Foamed fracture fluids may be superior to conventional liquid fracturing fluids for problematic formations because foams contain less liquid than traditional fracturing fluids and thus have less liquid to retrieve after the fracturing operation is complete. Moreover, the expansion of the gas in the foamed fluid when fracturing pressure in the wellbore is relieved promotes flow of residual fracture fluid liquid back into the wellbore. Moreover, foamed fracturing fluids exhibit low liquid leakage into the formation because they inherently have low liquid concentrations, and the stable two-phase structure characteristic of foams minimizes leakage and promotes proppant transport and placement capability.

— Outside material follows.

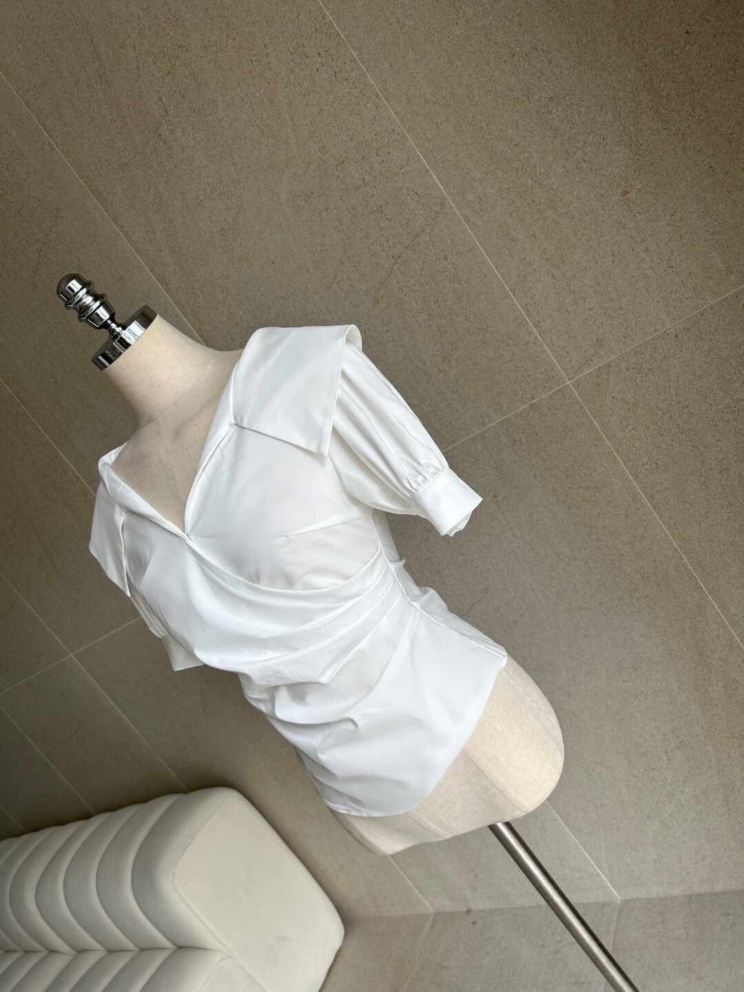 -빅 카라 제품으로 쇄골라인과 어깨 선을 돋보여 주며, 사이드 셔링과 랩 디자인으로 허리까지 잘록해 보이는 제품이에요.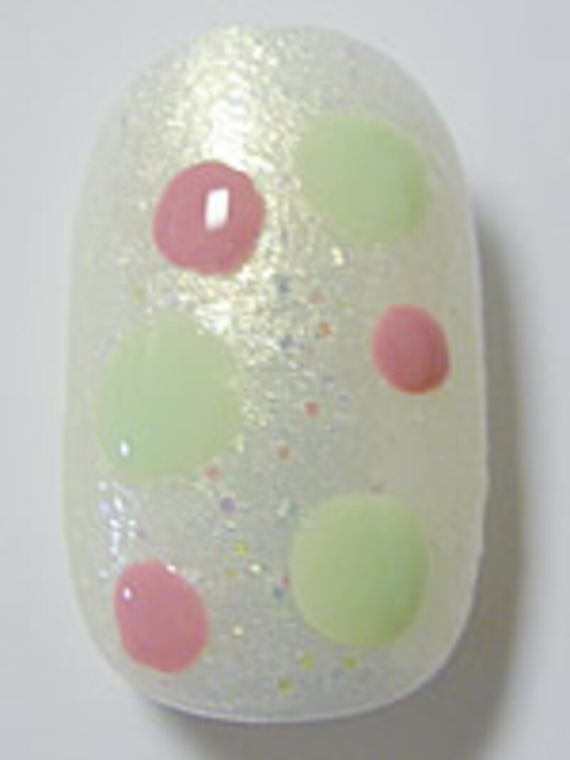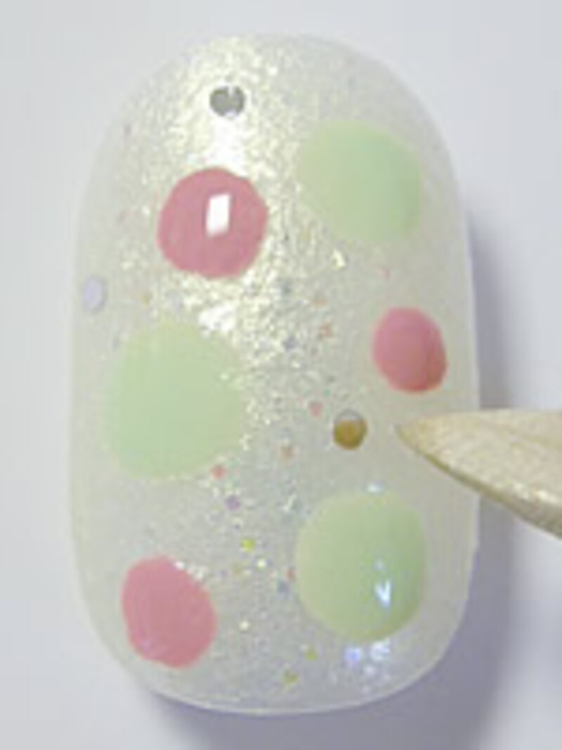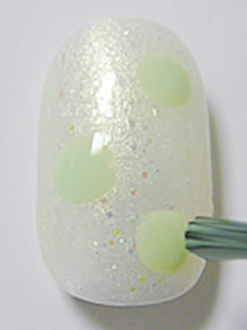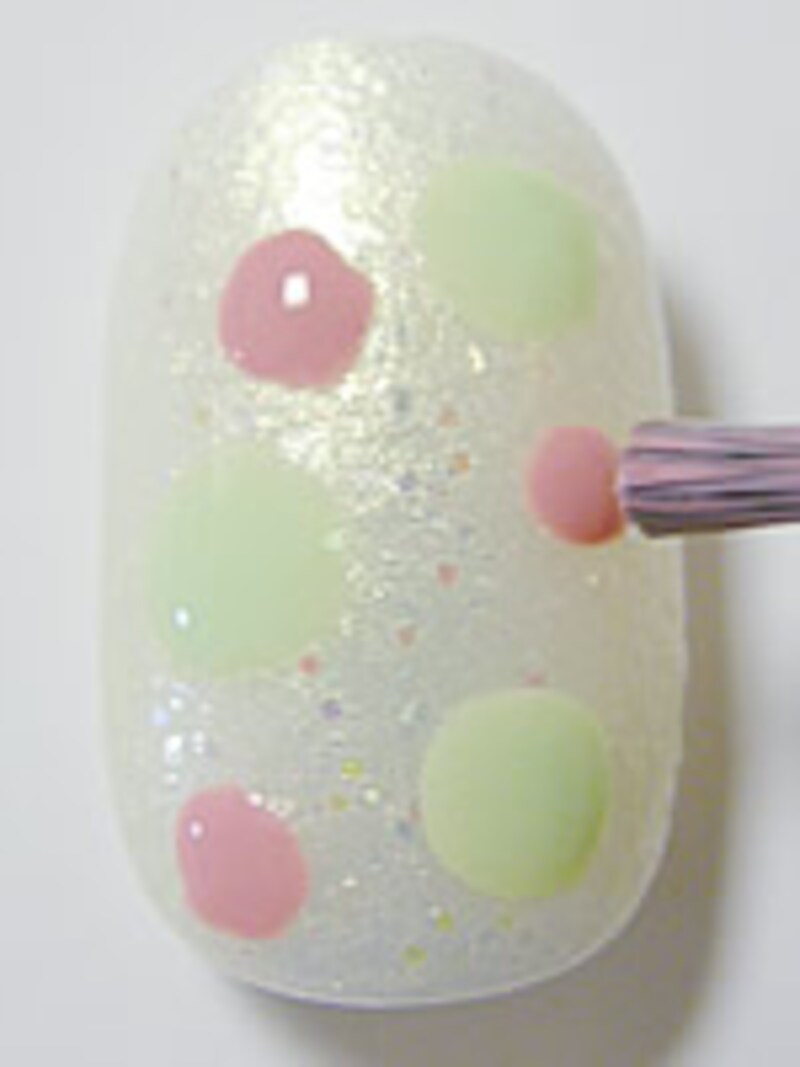 ココがPOINT! ベースカラーが乾かないうちにドットを作るのがポイントです。表面張力の作用によってドットカラーが自然にきれいな円型に広がってくれます。

The most common foaming agents are ionic surfactants. However, ionic surfactants can have compatibility issues with both problematic formations and other additives within a foamed fracturing fluid or subsequent treatment fluid. For example, sandstone and limestone formations have negative surface charges. Thus, when a cationic foaming agent is used in a foamed fracturing operation, the cationic foaming agent may coat the surfaces of the formation leaving the formation oil-wet and/or adversely affect subsequent operations like consolidation and scale-inhibiting operations. In addition, ionic surfactants may be rendered ineffective in the presence of high salt concentrations, and thus are incompatible with brine treatment fluids.
Thus, a need exists for a foam fracturing system that can provide viscosity while stabilizing the foam structure without, or with minimal use of additional foam surfactants.